News

GATS: Bartenstein hat EU-Angebotsliste erhalten

Öffentliche Dienstleistungen auf breiter Front betroffen

Die EU hat dieser Tage einen Entwurf der Angebotsliste an die zuständigen Minister der Mitgliedsstaaten übermittelt. Als Konsequenz des weltweit wachsenden Widerstandes gegen das GATS-Abkommens hat die EU-Kommission in einer Presseaussendung erklärt, dass in den besonders heiklen Bereichen Gesundheit, Bildung und audiovisuelle Medien keine Angebote gemacht würden. Alexandra Strickner von ATTAC Österreich bezeichnet dies als "ersten Erfolg der Kampagne". Dennoch dürfe man sich von der EU-Kommission nicht täuschen lassen. "Die Kommission versucht den Eindruck der generellen Herausnahme der öffentlichen Dienste aus den GATS-Verhandlungen zu erwecken", so Strickner. Dazu möchte ATTAC Österreich folgendes anmerken.

1. Auch wenn in den Bereichen Gesundheit, Bildung und audiovisuelle Dienste (Kino, Fernsehen) keine Angebote gemacht wurden, so werden sehr wohl andere heikle Bereiche preisgegeben: Finanzdienstleistungen (private Kranken- und Pensionsversicherung), Post, Telekom, Umweltdienstleistungen (Wasserversorgung, Kanal, Müllabfuhr), Transport und Tourismus.

2. Die nach wie vor geheim gehaltenen Forderungen der EU an ihre Handelspartner stellen einen frontalen Angriff auf deren öffentliche Dienstleistungen dar: Universitäten, Wasserversorgung, Abwasserentsorgung, Müllabfuhr (Umweltdienstleistungen), Kranken- und Pensionsversicherung (Finanzdienstleistungen), Post- und Kurierdienste, Telefon, Transport und Tourismus. "Die EU betreibt hier ein unehrliches Doppelspiel", kommentiert Christian Felber von ATTAC Österreich. "Auf der einen Seite versucht sie die eigene Bevölkerung zu beruhigen und auf der anderen verlangt sie von den Handelspartnern extrem weitgehende Zugeständnisse."
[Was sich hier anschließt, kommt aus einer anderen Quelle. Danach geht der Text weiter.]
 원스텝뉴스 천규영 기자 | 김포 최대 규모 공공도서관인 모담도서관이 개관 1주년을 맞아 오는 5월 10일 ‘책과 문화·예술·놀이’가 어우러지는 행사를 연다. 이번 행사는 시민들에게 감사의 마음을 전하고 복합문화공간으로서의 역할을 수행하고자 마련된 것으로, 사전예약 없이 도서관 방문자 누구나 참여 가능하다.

3. Eine Position zum Verhandlungsstart ist noch lange nicht das Endergebnis, und begonnen werden Verhandlungen naturgemäß sehr defensiv, um danach Zugeständnisse machen zu können. Was also am Ende bei den GATS-Verhandlungen rauskommt, hat möglicherweise nicht mehr viel mit den ursprünglichen Angeboten zu tun.
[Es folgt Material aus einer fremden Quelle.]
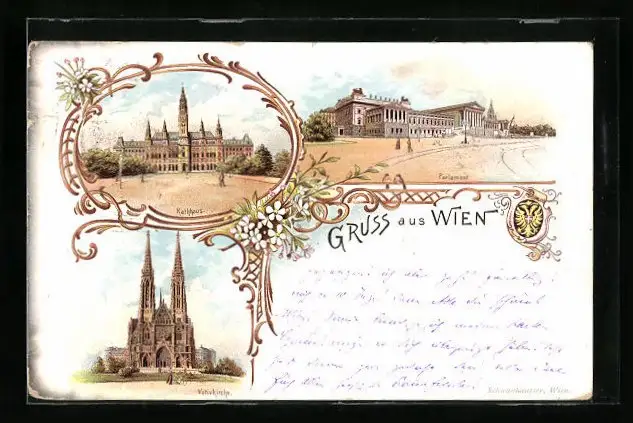 Lithographie Wien, Rathaus, Votivkirche, Parlament
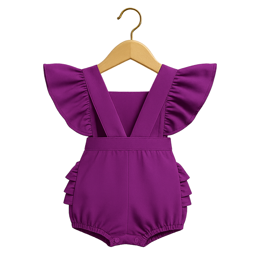 Our Embroidered Ruffle Jumper combines classic charm with a modern touch. The rich royal purple color provides a beautiful base for the stunning, hand-embroidered panel across the chest, which showcases a detailed tapestry of bright colors and patterns. Designed for both style and comfort, this jumper features adorable flutter ruffles on the sleeves and bottom, adding a playful, whimsical feel. Crafted from a soft, high-quality fabric, it is gentle on your baby’s delicate skin. The convenient snap closure at the bottom makes diaper changes effortless, while the stylish design ensures your little one stands out from the crowd. A beautiful addition to any special occasion outfit or a charming piece for a photoshoot.

4. Gerade in den Bereichen Gesundheit und Bildung ist die EU und besonders Österreich schon in der ersten GATS-Runde 1995 weitreichende Verpflichtungen eingegangen. Sobald ein privates Krankenhaus oder eine Privatschule angesichts weltweiter Liberalisierungstendenzen (Autonomie, Studiengebühren, Selbsthalte) auf die Interpretation kommt, mit öffentlichen im Wettbewerb zu stehen, kann das GATS-Desaster losgehen. Dann hätten nämlich die privaten Rechtsanspruch auf gleich hohe Förderungen wie die öffentlichen. Das wäre das Aus der öffentlichen Schulen und Krankenhäuser.
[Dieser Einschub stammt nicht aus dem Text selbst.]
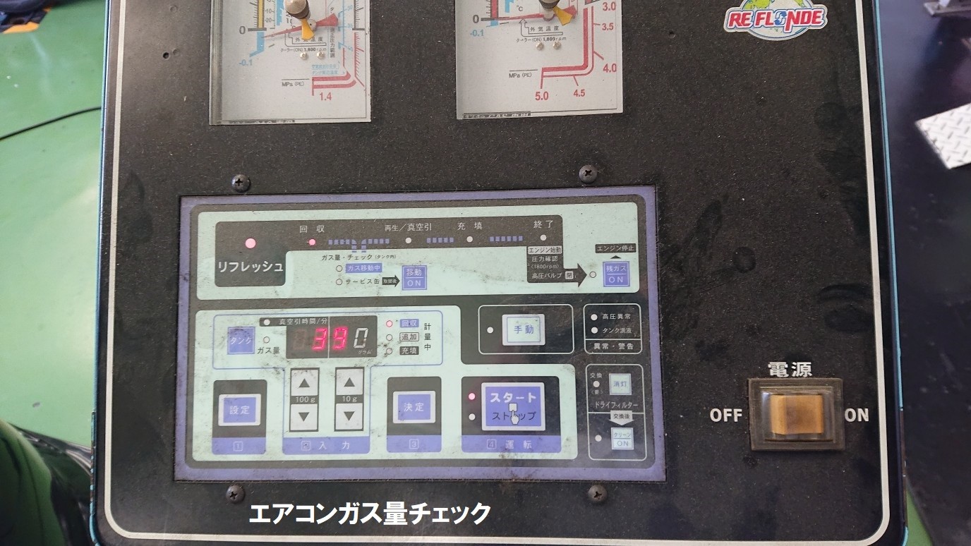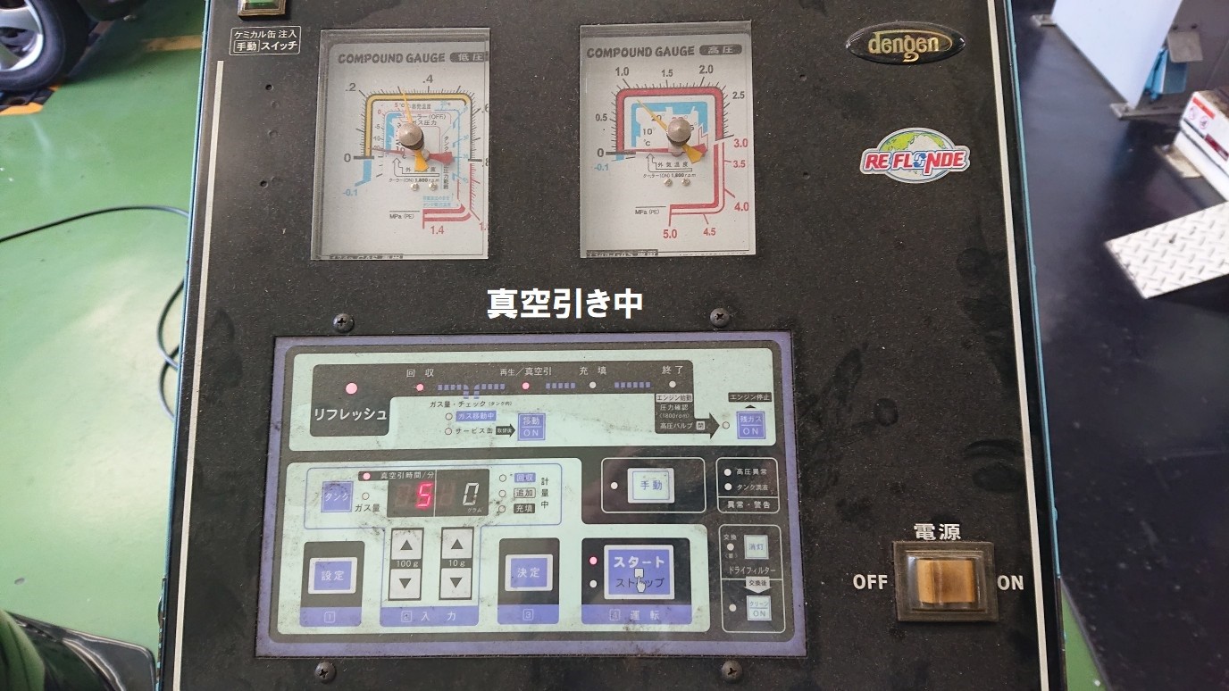エアコンガスを機械の中に回収し、混ざっている水分や油分を除去してから

Als "Gipfel des Zynismus" bezeichnet Felber die Darstellung von EU-Kommission und Wirtschaftsminister Martin Bartenstein, dass die Angebotsliste der EU besondere Rücksicht auf die Entwicklungsländer nehme. Während die EU von 109 Handelspartnern massive Zugeständnisse fordert, hat aus der Gruppe der 30 am wenigsten entwickelten Länder bisher nur ein einziges - Mali - Forderungen an die EU gerichtet. "Das beweist, dass die armen Länder in den GATS-Verhandlungen nichts zu gewinnen haben", meint Felber. Dafür werden die Konzerne aus den USA und der EU in den armen Ländern die Wasserversorgung, Energieversorgung, Telefon, Post, öffentlicher Verkehr, Banken, Versicherungen, Transport, Tourismus übernehmen. "Das GATS ist eine Wiederholung der Kolonialisierung, nur diesmal durch Konzerne. Wir bestehen daher weiter auf einem Verhandlungsstopp und auf einer sofortigen Veröffentlichung der genauen Angebotsliste", so Felber abschließend.